Let us start with the first method of creating thread. It will require the following steps.

Define a sub-class which extends class Thread.

The code we want to execute has to be placed in a method run() of this sub-class.

Next, create an object of this sub-class and execute the run method.

For example, a sub-class FirstThread could be written as follows:

class FirstThread extends Thread

  {  //  declarations

     //  constructor if required

      public void run ()

         {

           // The code we want to run comes here.

         }

  }

Next, the following code can be used to create the thread and set it running.

 FirstThread th1 = new FirstThread();

 th1.start();

As the concept of thread is quite complex, let us write a small program which runs only one thread. This will help us in getting familiar with a thread.

Problem: Write a program to demonstrate running of a single thread.

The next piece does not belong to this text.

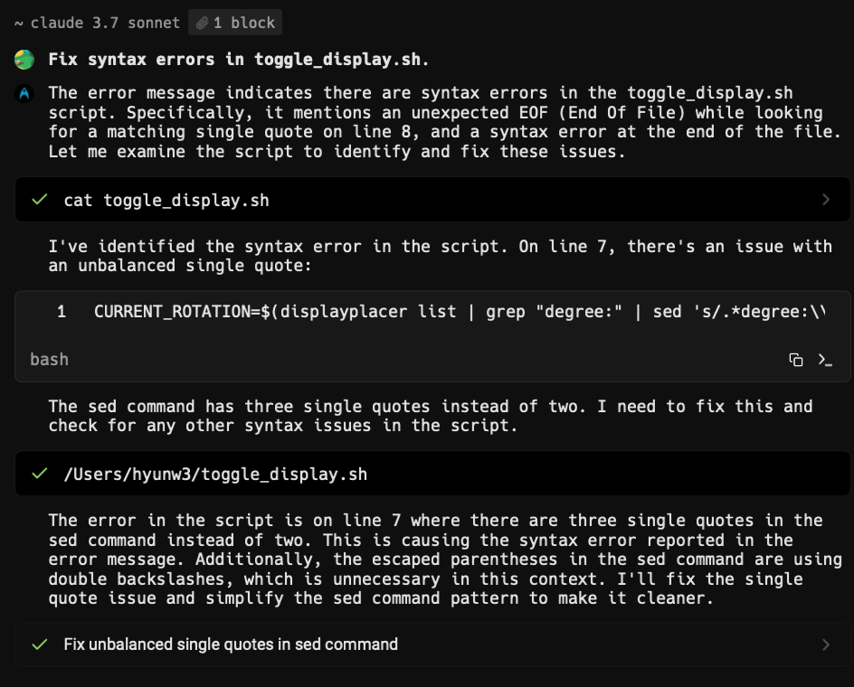 warp에서 사용가능한 claude를 통해 나온 bash script 결과이다. (원래 displayplacer로만 적어줘도 기본 터미널에서는 잘 실행이되는데, 단축키 어플에서는 displayplacer 위치를 찾지 못해서 다음과같이 전체경로를 넣어줬다. 만약 다른 곳에 설치를 했다면 위치를 바꿔주어야한다.)

Solution: Since we have to run some useful code in a thread, let us take a simple example of sorting. We will sort a small array of integers in the thread (see Program 18.1).

 

PROGRAM 18.1 A Single Thread

 //     thr1.java

 class FirstThread extends Thread

      {   int A[] = {35,7,23,1,14};

    public static void sort(int [] A)

            {  int i,j,temp;

                 System.out.println("Initial data");

                 for(i=0; i<5;i++)

                     System.out.print(A[i]+" ");

                 System.out.println();

                 // now sorting

                 for(i=0; i<5-1;i++)

                    for(j=0; j<5-1;j++)

                    if( A[j]> A[j+1])

                       {  temp = A[j];

                          A[j] = A[j+1];

                          A[j+1] = temp;

                       }

               System.out.println("data after sorting");

               for(i=0; i<5;i++)

                   System.out.print(A[i]+" ");

            }

    public void run()

    {  sort(A);

    }

  }

 class thr1

  {  public static void main(String args[]  )

      { System.out.println("<---thr1.java--->");

        FirstThread th1 = new FirstThread();

        th1.start();

      }

  };

If we run the program, we will get the following output.

 

Output

 <---thr1.java--->

 Initial data

 35   7      23     1     14

 data after sorting

 1    7      14     23    35

You will ask me why is the running of a single thread shown in a chapter of multi-threading? Well, running many threads at a time is no different from running a single thread. And of course, if you cannot run even one thread, you cannot run many.

18.4 Creating Multiple Threads

After studying how a single thread comes into action, we are in a position to study what is called multi-threading, that is many threads in action (simultaneously). We have to start various threads one after the other by calling their start method.

Here, every thread is expected to run a specific code. By the word code, we mean a group of Java statements. We know that most of the time we have a single processor in a computer. Naturally, not all the threads are going to run simultaneously. The Java runtime machine switches execution of threads at short intervals. It gives us the illusion that all the threads are running simultaneously. Analogy can be drawn to a multi-tasking OS like Windows running various tasks simultaneously.

As every good thing has to come to an end, so does the thread. It is born, passes through different phases, and then comes to an end. This brings us to the life cycle of a thread.

18.5 Life Cycle of a Thread

A thread in its lifetime goes through various states. Let us study the life cycle of a thread in brief.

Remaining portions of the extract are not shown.